Swinging Sixties, Miniröcke, Farbfernsehen: Die Uraufführung von VA Wölfls Stück im Schloss Benrath in Düsseldorf ist eine von der Kompanie fantastisch präsentierte Retro-Performance: ein bisschen verrutscht, ein bisschen verzerrt, ein bisschen missverstanden.

Von Nicole Strecker | 07.12.2014
    Ein bisschen Zeitreisen mit dem Düsseldorfer Choreografen VA Wölfl. Im neuen Stück geht es zurück in die Swinging Sixties, als alles, was aus den USA kam, cool und schick schien und Deutschland sich im Stilklau übte.
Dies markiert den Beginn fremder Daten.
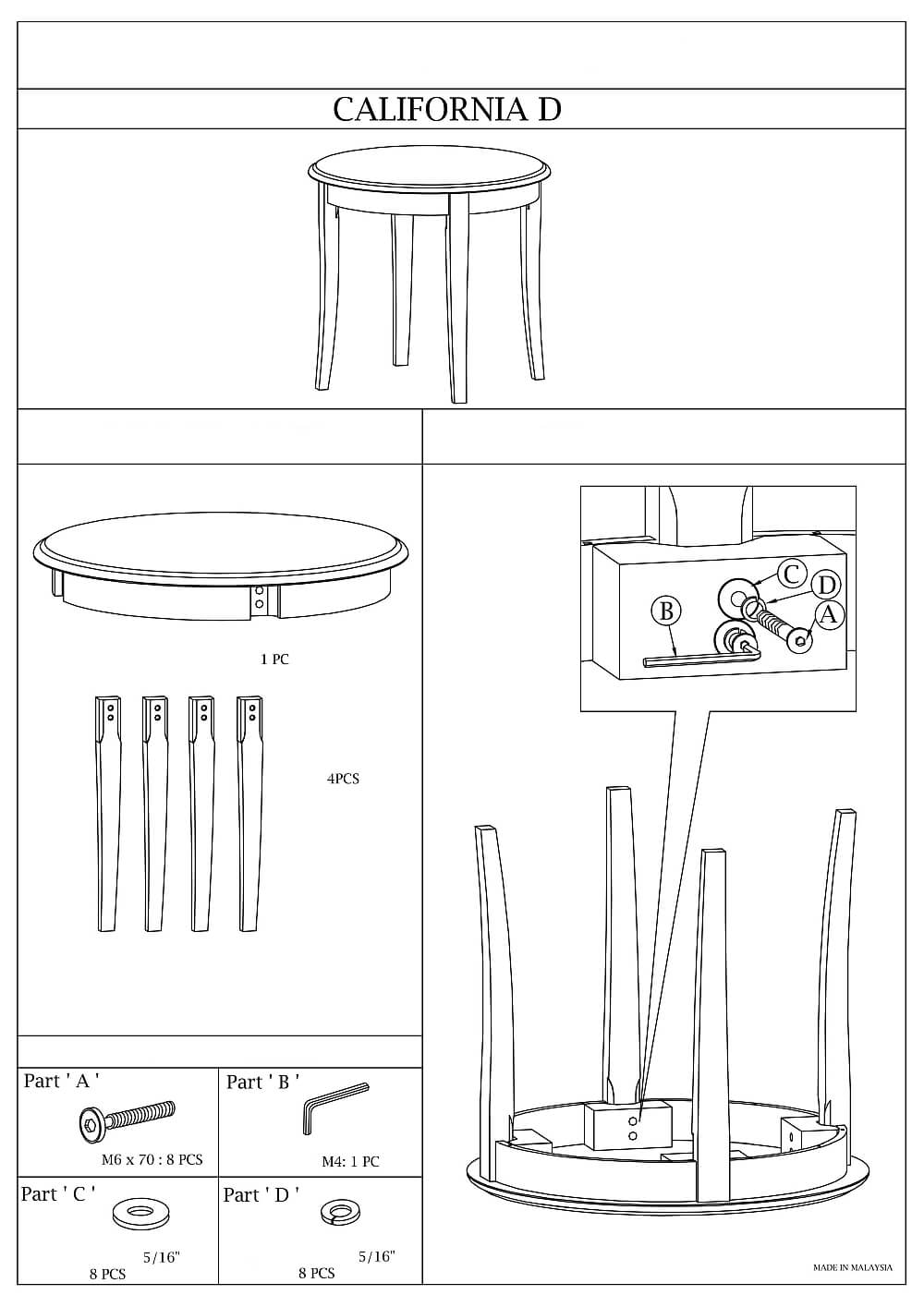 Вес, кг: 8,6 / Высота (см): 55 / Гарантия, мес.: 12 / Глубина (см): 60 / Количество коробок: 1 / Материал каркаса: дерево / Материал столешницы: МДФ / Необходимость сборки: да / Раздвижной: нет / Размер упаковки 1: 0,61/0,75/0,09 / Страна производитель: Малайзия / Форма столешницы: круг / Цвет каркаса: орех / Цвет столешницы: темно-коричневый / Ширина (см): 60

Auch auf Wölfls Bühne ist jetzt alles wieder da, was in den 60er Jahren Spaß verhieß: die Musik und die Miniröcke der Frauen, die Entdeckung des Alls und das Farbfernsehen, der Boxkampf und die Gesellschaftstänzchen, vorzugsweise Chachacha, eigentlich kubanischen Ursprungs, aber - kleiner zynischer Wölfl-Scherz - doch schließlich von den USA 'annektiert' und zum amerikanischen Modetanz erklärt. Wer die Fernsehserie "Mad Man" liebt, wird in Düsseldorf beglückt – man beachte nur: Es gibt mintfarbene Lack-Pumps! Allerdings ist bei VA Wölfl eben alles ein bisschen verrutscht, verzerrt und missverstanden.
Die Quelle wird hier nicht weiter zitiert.